EXERCISE DETAILS ->
Repeat the listing below word for word, minus the pictures.

PROVIDED MATERIAL ->

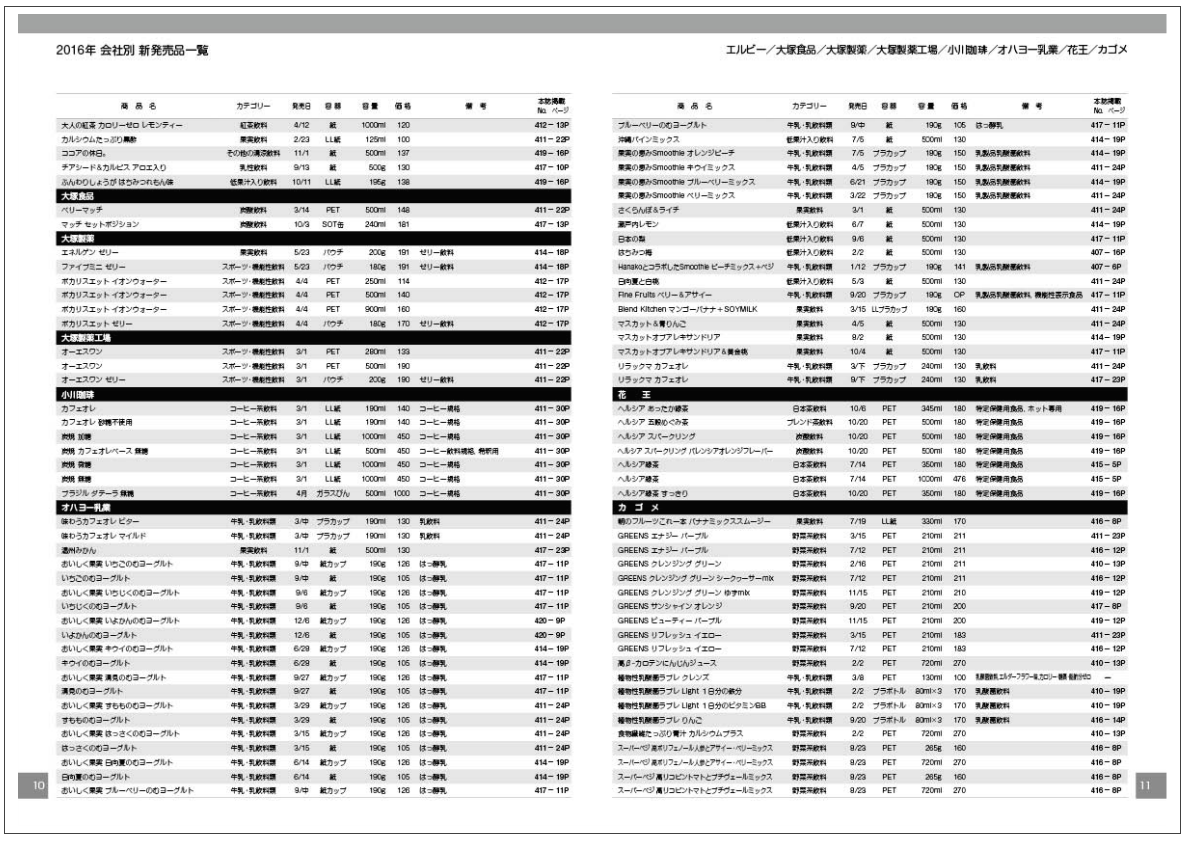 2016年 会社別 新発売品一覧
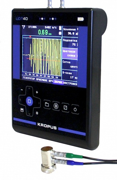 Ультразвуковой толщиномер УДТ-40 — это универсальный прецизионный толщиномер с высокой точностью и достоверностью контроля. Наличие А-скана исключает такие типичные ошибки при измерении толщины, как удвоение показаний, а В-скан позволяет наблюдать профиль дна изделия. Толщиномер реализует различные высокоточные способы контроля толщины – измерение времени по переходу через «ноль», измерение времени между сигналами, измерение толщины металла под покрытиями, ЭМА-контроль и т.д. Наличие встроенных контуров согласования, регулируемой ширины импульса и трех степеней электрического демпфирования позволяет использовать для измерения толщиномером любые преобразователи с частотами от 0,5 до 15 МГц, как совмещенного, так и раздельно-совмещенного (раздельного) типа.
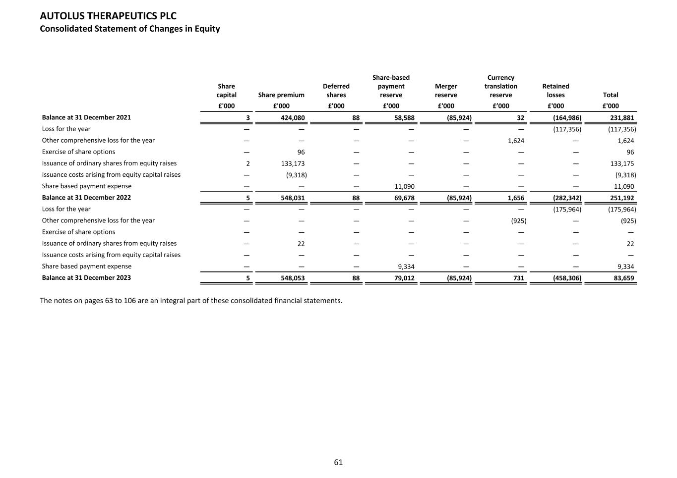 Share capital Share premium Deferred shares Share-based payment reserve Merger reserve Currency translation reserve Retained losses Total £'000 £'000 £'000 £'000 £'000 £’000 £'000 £'000 Balance at 31 December 2021 3 424,080 88 58,588 (85,924) 32 (164,986) 231,881 Loss for the year — — — — — — (117,356) (117,356) Other comprehensive loss for the year — — — — — 1,624 — 1,624 Exercise of share options — 96 — — — — — 96 Issuance of ordinary shares from equity raises 2 133,173 — — — — — 133,175 Issuance costs arising from equity capital raises — (9,318) — — — — — (9,318) Share based payment expense — — — 11,090 — — — 11,090 Balance at 31 December 2022 5 548,031 88 69,678 (85,924) 1,656 (282,342) 251,192 Loss for the year — — — — — — (175,964) (175,964) Other comprehensive loss for the year — — — — — (925) — (925) Exercise of share options — — — — — — — — Issuance of ordinary shares from equity raises — 22 — — — — — 22 Issuance costs arising from equity capital raises — — — — — — — — Share based payment expense — — — 9,334 — — — 9,334 Balance at 31 December 2023 5 548,053 88 79,012 (85,924) 731 (458,306) 83,659 The notes on pages 63 to 106 are an integral part of these consolidated financial statements. AUTOLUS THERAPEUTICS PLC Consolidated Statement of Changes in Equity 61

ANSWER AREA ->
 2016年 会社別 新発売品一覧
 Ультразвуковой толщиномер УДТ-40 — это универсальный прецизионный толщиномер с высокой точностью и достоверностью контроля. Наличие А-скана исключает такие типичные ошибки при измерении толщины, как удвоение показаний, а В-скан позволяет наблюдать профиль дна изделия. Толщиномер реализует различные высокоточные способы контроля толщины – измерение времени по переходу через «ноль», измерение времени между сигналами, измерение толщины металла под покрытиями, ЭМА-контроль и т.д. Наличие встроенных контуров согласования, регулируемой ширины импульса и трех степеней электрического демпфирования позволяет использовать для измерения толщиномером любые преобразователи с частотами от 0,5 до 15 МГц, как совмещенного, так и раздельно-совмещенного (раздельного) типа.
 Share capital Share premium Deferred shares Share-based payment reserve Merger reserve Currency translation reserve Retained losses Total £'000 £'000 £'000 £'000 £'000 £’000 £'000 £'000 Balance at 31 December 2021 3 424,080 88 58,588 (85,924) 32 (164,986) 231,881 Loss for the year — — — — — — (117,356) (117,356) Other comprehensive loss for the year — — — — — 1,624 — 1,624 Exercise of share options — 96 — — — — — 96 Issuance of ordinary shares from equity raises 2 133,173 — — — — — 133,175 Issuance costs arising from equity capital raises — (9,318) — — — — — (9,318) Share based payment expense — — — 11,090 — — — 11,090 Balance at 31 December 2022 5 548,031 88 69,678 (85,924) 1,656 (282,342) 251,192 Loss for the year — — — — — — (175,964) (175,964) Other comprehensive loss for the year — — — — — (925) — (925) Exercise of share options — — — — — — — — Issuance of ordinary shares from equity raises — 22 — — — — — 22 Issuance costs arising from equity capital raises — — — — — — — — Share based payment expense — — — 9,334 — — — 9,334 Balance at 31 December 2023 5 548,053 88 79,012 (85,924) 731 (458,306) 83,659 The notes on pages 63 to 106 are an integral part of these consolidated financial statements. AUTOLUS THERAPEUTICS PLC Consolidated Statement of Changes in Equity 61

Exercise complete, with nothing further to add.